As for trying to bring in the French, Russians, and Chinese, I assert that their support or opposition does not particularly matter at this juncture. These countries' consistent and enduring opposition to American leadership roles in the world is nothing new. Indeed, especially in the case of Russia, resorting to the Security Council veto could prove catastrophic for President Vladimir Putin's vision of a more equitable relationship between Moscow and the West. Even Russia's recent economic deal with Baghdad is fungible -- given the hard choice between hard western trade opportunities and a one-sided "deal" with an Iraqi regime that is already steep in debt, I think that Moscow will abstain from a Sec. Council resolution on the use of force.

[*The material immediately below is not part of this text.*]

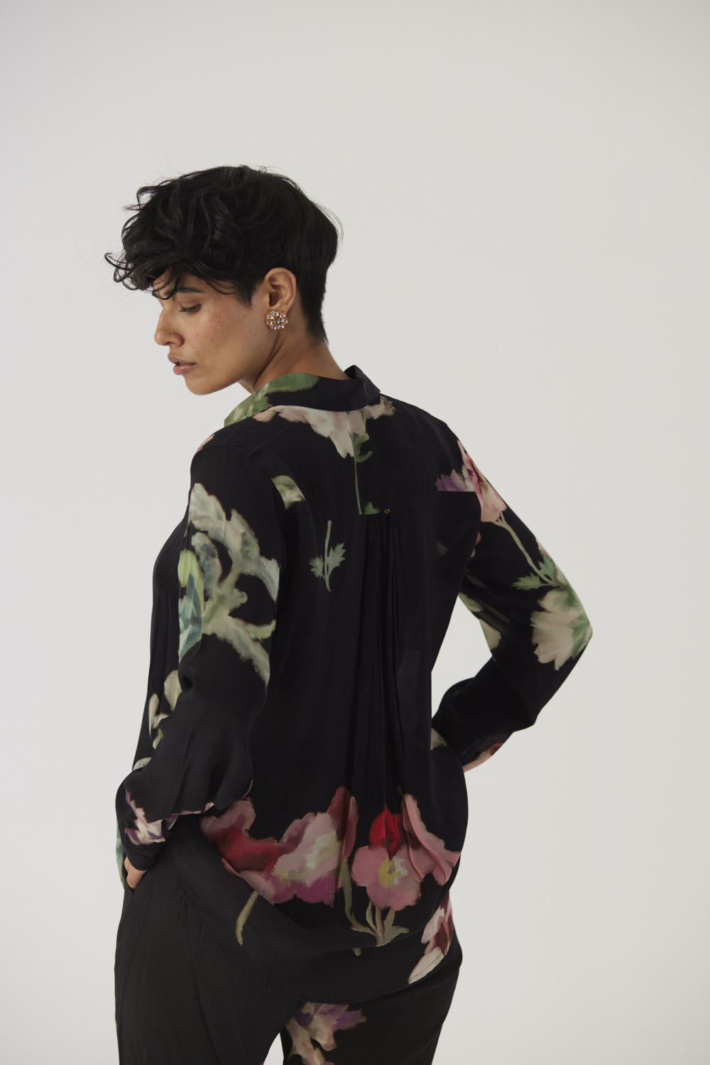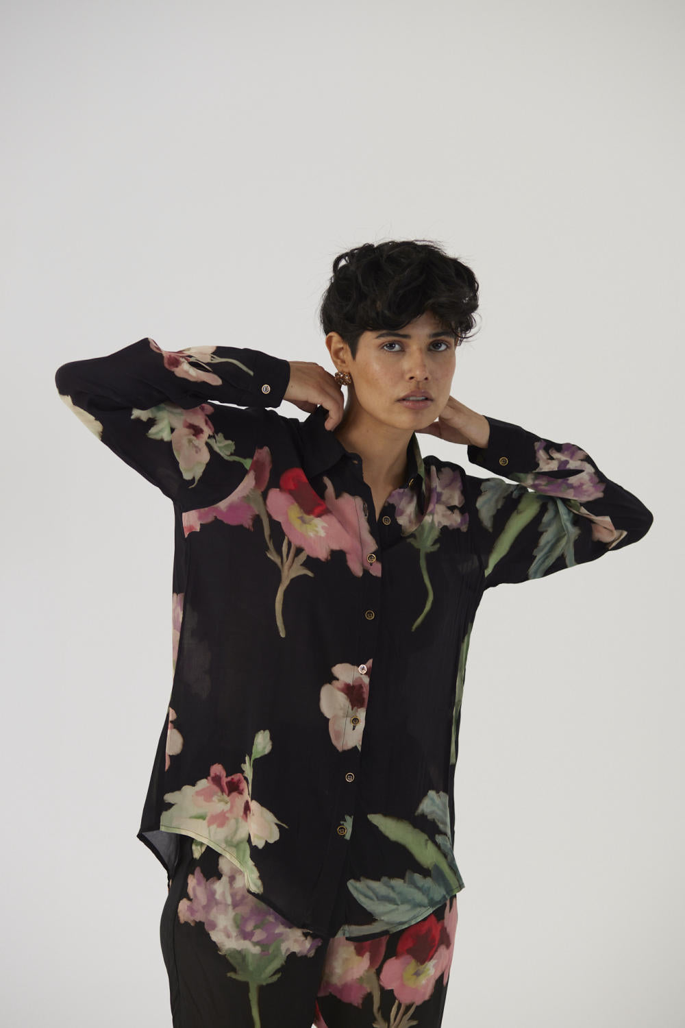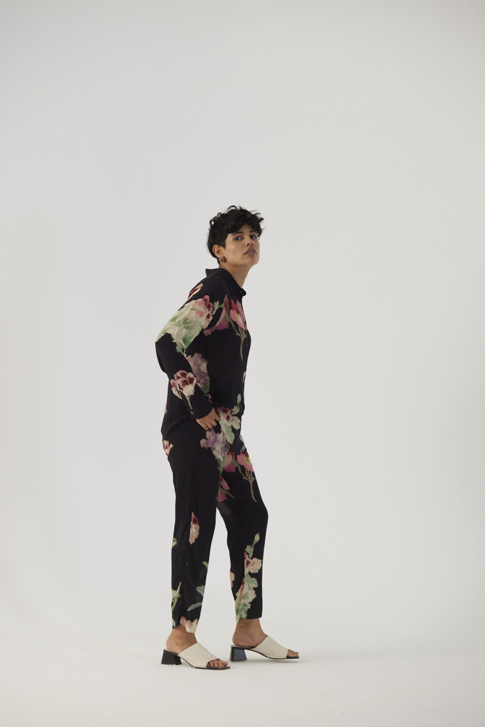 The print features hand drawn botanical motifs in a black base. This set is crafted in the Juliet print carefully printed on crepe featuring a set of shirt and pants.

They're Not All Like This, Right?
Last night as I slowly descended into sleep, I caught clips of ABC's documentary that takes us across the country to display tenets of American life. Boulder, CO is a beautiful town from what I gather, a mountain oasis that is the home of the University of Colorado and, incidentally, the happily married ZoNoting pair of Livy and Sharlene Keithley (C'98 and C'00). The documentary focused on Fairfiew HS and its production of the notoriously infamous 1960s protest play, Hair. One impetuous child uttered that all of Boulder should be dropped in a 3rd World country to see how it was on the outside. Look, suburbia may seem like a minium security prison for those looking to see "how it really is," but trust me, these bubble-gum poppers don't want to know what it really is "out there." These kids' ex-hippie parents may look upon the 1960s as a golden era, but even they grew up! They drive BMWs and pay their mortgages. Boulder is a fine place, full of fine people (political leanings notwithstanding). It is a fine place in part because of its affluence and peacefulness.
There is absoultely nothing wrong with the comforts of modern America, and the protest value of this interpretation of Hair itself is a hollow facade. The play itself has been watered down, and rightly so, given the, ahem, bare performance that marks the end of the show. The 1960s were not a sentimental era, and the very reason that the flower children could smoke weed, burn their bras and draft cards and have free love was because thousands of men were dying in Vietnam and holding the line in central Europe. Do you think Woodstock could have taken place in 1969 Havana or Moscow?
Wordplay
"Living in glass houses won't stop pundits from throwing stones."